Elevating Others Makes Them Better

Are there people in your team or life who are coasting?  I think we all have experienced this principle, that a few folks on a team do most of thew work while a larger percentage do what seems like the bare minimum to get by.  The challenge for me, as a coach, is that I am almost never interacting with the under-achievers. Instead, I am speaking to the boss or over-achieving colleague who is frustrated and feels burdened.  This may also be your experience as the boss, when your super-performing subordinates are complaining about their less ambitious colleagues.  So how can you or I make a difference in this scenario?

One of the approaches that I have used is based on the premise that people rise to the expectations we have for them.  They also descend to the expectations we have for them.  So to alter another person’s performance you may have to first deal with your own belief structure and the mental ceiling you have assumed of that individual’s potential.  I realize this isn’t the kind of magical fix that you expect. After all, if you are not the problem, why does the solution come back to you? Well, because you’re the one whose problem it has become, and you’re the one committed to altering it.  In reality, we could say that about anything, couldn’t we?  But in this case, there is some significant research that shows that when under-performing workers are provided with “stretch goals” and coaching that presumes their competence and ambition, they exceed their past performance.

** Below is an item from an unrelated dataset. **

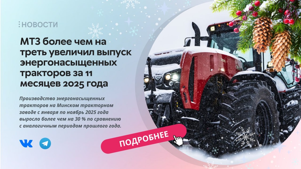 🔰МТЗ 🙂 более чем на треть увеличил выпуск энергонасыщенных тракторов за 11 месяцев 2025 года

For you, that means changing a few things involving the management of and thought process about under-performers. If you are not the supervisor , then this coaching should go to their supervisor. Create a game. A game that demands more of that person.  This is counter-intuitive, because when people under-perform we are inclined to give them less work and easier goals.  This coaching is opposite to that. Raise the bar. Assume their greatness. And tell them so.  As always, every case is difference. But the more entrenched your belief that this will not work, the more I suggest it will.  Your entrenchment is one of the reasons that it stays as it is.  So try it.  Elevate your lowest performing team member, raise the demand for them to excel, and have conversations in which you assume they are completely able and delighted to do and deliver more and better results.   Let me know how it works.